:: Recorded data
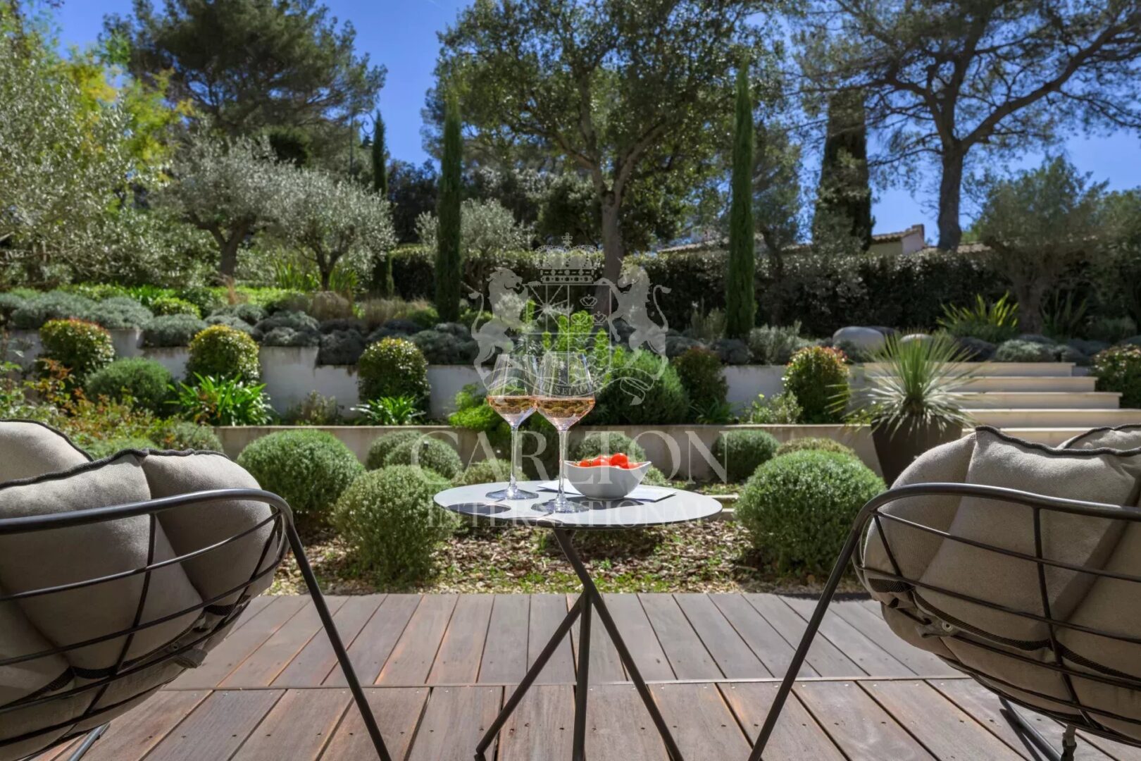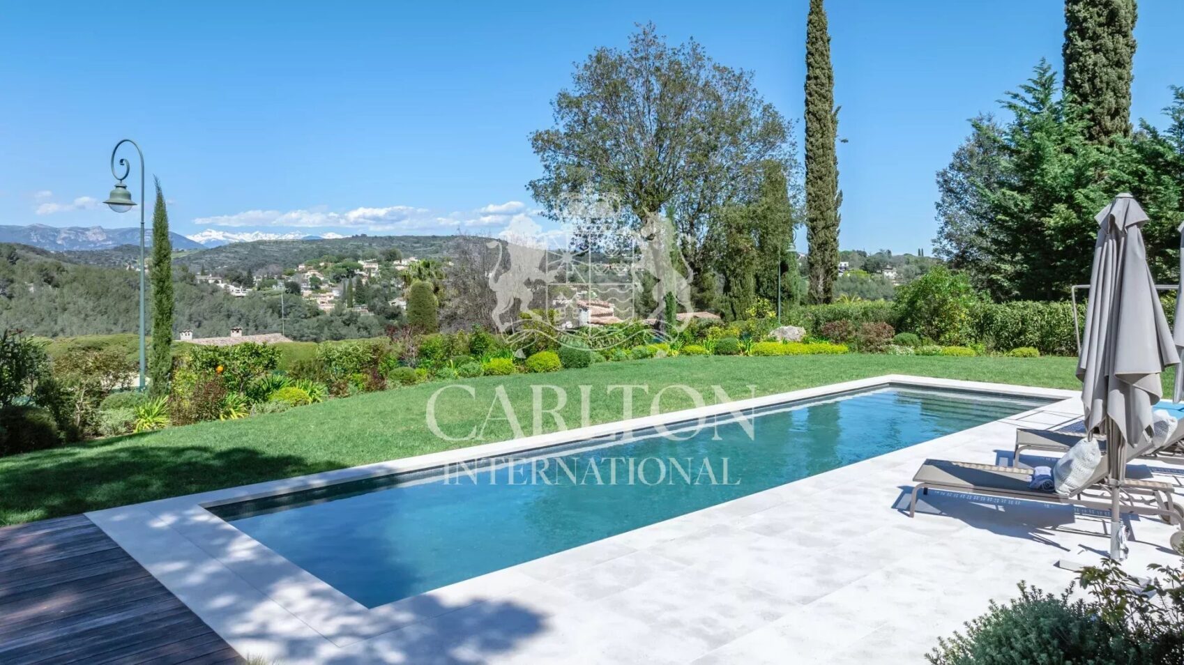 Wunderschöner, fast vollständig ebener Garten von 2.600 m2 mit einem großen Pool in absolut ruhiger Lage. Kein Vis-&-Avis und sehr schöner Panoramablick auf das Hinterland, die Hügel und die Berge.
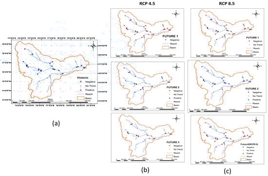 Annual streamflow trends (a) historic, (b) RCP 4.5 scenario, (c) RCP 8.5 scenario.
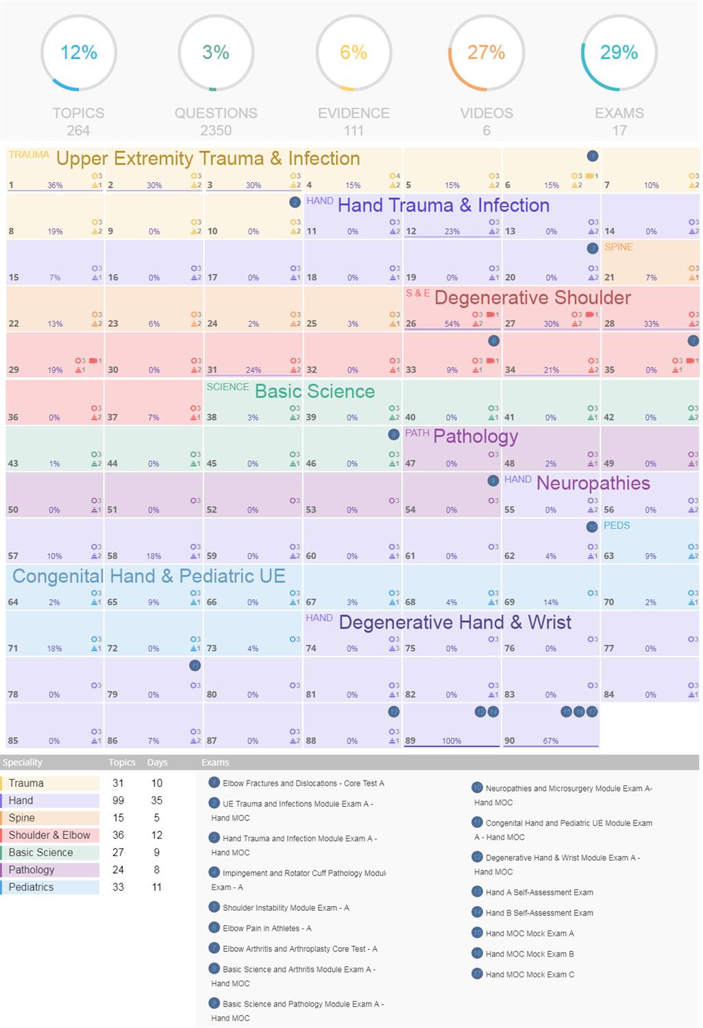 NOW WITH ADAPTIVE CALENDAR! 66.5 AMA PRA Category 1™ CME Credits20 ABOS Approved SAE CreditsDesigned to prepare surgeons for ABOS Surgery of the Hand Practice Profiled and Combined Recertification Examination COMPLETE ALL 90-DAYS (LESSONS) AT YOUR OWN PACE A comprehensive 90-day reading curriculum covering 264 Hand topics & daily key scientific articles. 14 module exams and 3 mock exams to diagnose your weaknesses, reinforce your learning, and improve your testing performance. Integration with our new Peak Adaptive Learning Platform helps you learn more efficiently by tracking your progress and directing you to your areas of weakness. Study Plan comes with a 12-month subscription to all the Premium Content & Adaptive Learning Technology of PEAK HAND MOC 90-DAY PLAN + HAND MOC 90-DAY PLAN + 12-MONTH PEAK SUBSCRIPTION 12-MONTH PEAK SUBSCRIPTION + NO CME 66.5 AMA PRA Category 1 Credits™ 20 ABOS-approved MOC SAE Credit $125 37% SUMMER DISCOUNT | NORMALLY $200 $274 16% SUMMER DISCOUNT | NORMALLY $480 NEW PERSONALIZED ADAPTIVE CALENDARPOWERED BY PEAK ADAPTIVE LEARNING STUDY PLAN SCHEDULE Plan Details The 2018 Hand MOC 90-Day Study Plan is designed to prepare US Physicians for the 2018 ABOS Orthopaedic Hand Practice-Profiled Recertification Examination, which is administered in from August 29, 2018 through September 11, 2018. The Study Plan can also be taken by any surgeons who want to reinforce their Hand knowledge and stay up-to-date on current Hand literature. All of the daily study plans are available immediately starting the day you enroll. All of the daily study plans are posted in the Study Plan "classroom", allowing you to complete the Study Plan on your own schedule Access the Study Plan classroom by going to the Groups page and clicking the Study Plan logo You may complete the Study Plan and take the exams at any time until May 11, 2019 The Hand MOC 90-Day Study Plan consists of three components: Daily Study Plans reviewing 264 Topics The 2018 MOC Hand 90-Day Study Plan delivers daily emails telling you exactly what topics to review and what questions to do We have carefully selected Hand topics covering Upper Extremity Trauma & Infection, Hand Trauma & Infection, Spine Conditions, Degenerative Shoulder Conditions, Degenerative Elbow Conditions, Basic Science, Pathology, Neuropathies & Microsurgery, Congenital Hand & Pediatric UE, and Degenerative Hand & Wrist to prepare you for the MOC Hand Clinical Exam Frequently-tested articles, often with a free full text PDF, are included in the daily study plans 14 Module Exams After each unit take Module Exams (25 questions) testing that material, reinforcing your knowledge 3 Mock Exams 3 Hand MOC Mock Exams (150 questions) CME Tracker Our CME Tracker will help you navigate the Study Plan, ensuring that you complete all the course requirements. PRICING & PURCHASE INFORMATION Study Plan + CME: $274 Gives you access to gives you access to the daily study plan, mock exams, and all premium content AND Total of 66.5 AMA PRA Category 1™ CME Credits CME Requirements: complete daily study plans complete 13 exams complete Post-Course CME Survey Including 20 ABOS approved MOC SAE Credits MOC SAE Requirements: Complete all 100 scored/recorded questions on each of two different Self-Assessment Exams (each worth 10 MOC SAE Credits) Study Plan Alone (No CME): $125 Gives you access to gives you access to the daily study plan, mock exams, and all premium content Payment Instructions Payment is made through PayPal and you automatically be redirected to your purchased product Orthobullets. Your login credentials on Paypal may be different than your login credentials on orthobullets be sure to log in with your usual orthobullets email after you made a purchase with any email on paypal. example, if you use your spouses (or other) Paypal account when you are redirected to orthobullets and asked to login in, log in with your usual orthobullets credentials (even though the email is different than Paypal. You can confirm if your purchase was registered on orthobullets by clicking "Purchased Products" in the user menu. If you have any problems email us at info@orthobullets with your Paypal transaction ID. HAND MOC 90-DAY PLAN + HAND MOC 90-DAY PLAN + 12-MONTH PEAK SUBSCRIPTION 12-MONTH PEAK SUBSCRIPTION + NO CME 66.5 AMA PRA Category 1 Credits™ 20 ABOS-approved MOC SAE Credit $125 37% SUMMER DISCOUNT | NORMALLY $200 $274 16% SUMMER DISCOUNT | NORMALLY $480 Q & A Q: If I lost some past daily Study Plan emails is there a way to get the old daily study plans? Answer: Yes. All past daily study plans can be found in the Study Plan private group. Scroll down to the "Comments" section where you will see the past daily study plans. Q: What if I am a member of the group but am still not getting daily emails in my inbox? Answer: Check your spam folder and promotions folder on your email. Because Orthobullets sends high volumes of email, our email is sometimes filtered into spam folders or promotions folders. Be sure to look there for our emails. If that is the case, mark us as "not spam" and add info@orthobullets.com to your contact list to avoid this in the future. If you are still not getting emails, send us a message at info@othobullets.com and we will figure it out. Q: How do I get to the Study Plan private group? Answer: Click groups in the top menu, then click on the logo for the group. Q: If I bought another Study Plan, can I get this one. Answer: Our Study Plans work on a 12-month premium content model. Thus, you have access to all of our Study Plans during your 12-month subscription. If you have purchased another Study Plan, and would like to be added to this one send us a message at info@orthobullets.com CME Information Orthobullets and the Foundation for Orthopaedic Research & Education (FORE) are pleased to partner and offer CME for the MOC Daily Study Plans.Units:A maximum of 66.5 AMA PRA Category 1™ Credits Price:$274 with CME & SAE CME Course Requiremen
::::
What to work on | The response must match the data line for line, from its first line through the line with "Annual streamflow trends", inclusive, and must leave out the pictures.

Reply to the task |
 Wunderschöner, fast vollständig ebener Garten von 2.600 m2 mit einem großen Pool in absolut ruhiger Lage. Kein Vis-&-Avis und sehr schöner Panoramablick auf das Hinterland, die Hügel und die Berge.
 Annual streamflow trends (a) historic, (b) RCP 4.5 scenario, (c) RCP 8.5 scenario.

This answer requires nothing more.